Ordonnance n° 2021-1518 du 24 novembre 2021 complétant la transposition de la directive 2019/790 de 2019 sur le droit d'auteur et les droits voisins dans le marché unique numérique

Paru dans le N°329 - 2 décembre 2021
Numérique

L’ordonnance n° 2021-1518 du 24 novembre 2021(1) a pour objectif d'achever la transposition de la directive (UE) 2019/790 du 17 avril 2019 sur le droit d'auteur et les droits voisins dans le marché unique numérique(2) dont l’échéance avait été fixée au 7 juin 2021.

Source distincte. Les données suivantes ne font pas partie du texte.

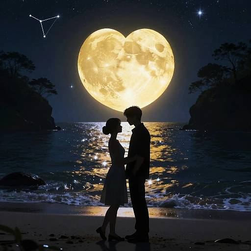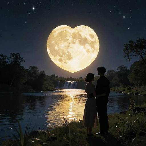 A photograph of a romantic silhouette against a bright, full moon. The couple stands close, the man with his arm around the woman, both dressed in dark, formal attire. The moon's glow illuminates their forms, while branches from a tree frame the right side. The sky is dark, creating a dramatic contrast with the moonlight.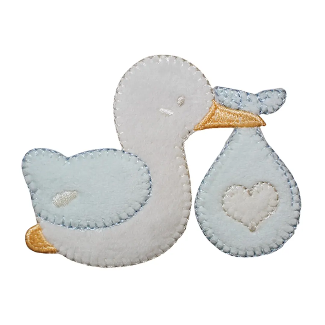 Θερμοκολλητικό διακοσμητικό μοτίφ με κεντημένο σχέδιο πελαργού που κρατά το μωρό στον σάκο, σε γλυκές αποχρώσεις γαλάζιου και ροζ, ιδανικό για τη διακόσμηση βρεφικής προίκας και ειδών μωρού.

La directive de 2019 fixe des règles permettant de poursuivre l'harmonisation du droit de l'Union européenne applicable au droit d'auteur et aux droits voisins dans le cadre du marché intérieur, en tenant compte, en particulier, des utilisations numériques et transfrontières des contenus protégés. Elle fixe également des règles relatives aux exceptions et limitations au droit d'auteur et aux droits voisins, à la facilitation des licences, ainsi que des règles destinées à assurer le bon fonctionnement du marché pour l'exploitation des œuvres et autres objets protégés.

Cette directive comporte ainsi des dispositions visant à faciliter l'utilisation d'œuvres protégées par le droit d'auteur à des fins liées à l'accès au savoir.

C’est dans ce cadre que l’ordonnance du 24 novembre 2021 modifie l’article L. 122-5 du code de la propriété intellectuelle(3) en modifiant les cas où la représentation ou la reproduction d'extraits d'œuvres déjà divulguées ne peut être interdite par son auteur : notamment, la représentation ou la reproduction d'extraits d'œuvres, au moyen d’un espace numérique de travail, réalisée à des fins exclusives d'illustration dans le cadre de la recherche et destinée à un public composé majoritairement de chercheurs directement concernés par l'activité de recherche.

En outre, en créant un article L. 122-5-3 dans le code de la propriété intellectuelle, l’ordonnance transpose une des règles fixées par la directive de 2019 qui prévoit une exception aux droits des auteurs et fabricants de bases de données. En effet, ces derniers ne peuvent s’opposer aux fouilles (technique d'analyse automatisée de textes et données sous forme numérique afin d'en dégager des informations, notamment des constantes, des tendances et des corrélations) réalisées, par des organismes de recherche et des institutions du patrimoine culturel (bibliothèques publiques, musées, services d’archives), à des fins exclusives d'illustration dans le cadre de l'enseignement et de la formation professionnelle.

Dans le même sens, l’ordonnance autorise la représentation ou la reproduction d'extraits d'œuvres réalisée sans autorisation des auteurs lorsque celle-ci est effectuée à des fins exclusives d'illustration dans le cadre de l'enseignement et de la formation professionnelle, y compris l'apprentissage, et pour l'élaboration et la diffusion de sujets d'examens ou de concours organisés dans le prolongement des enseignements.

Les bibliothèques accessibles au public, les musées, les services d'archives ou les institutions dépositaires du patrimoine cinématographique, audiovisuel ou sonore peuvent représenter et reproduire sans autorisation de l'auteur une œuvre dite “indisponible“ (œuvre protégée dont on peut présumer de bonne foi, au terme d'efforts raisonnables d'investigation, qu'elle n'est pas disponible pour le public par le biais des circuits de distribution commerciaux habituels et dont la première publication ou communication au public remonte à trente ans ou plus) qui se trouve dans leurs collections à titre permanent, dès lors que cette représentation et cette reproduction ont pour objet de rendre l'œuvre disponible sur un service de communication au public en ligne non commercial et que le nom de l'auteur est clairement indiqué.

Afin de garantir l’effectivité des mesures énoncées, l'ordonnance garantit que la mise en œuvre de mesures techniques de protection ne saurait avoir pour effet d'empêcher le bénéfice de ces exceptions.
Il appartiendra donc à la Haute Autorité pour la diffusion des œuvres et la protection des droits sur internet (HADOPI) et, à compter du 1er janvier 2022, à l'Autorité de régulation de la communication audiovisuelle et numérique (ARCOM)(3) de garantir le bénéfice effectif de ces exceptions.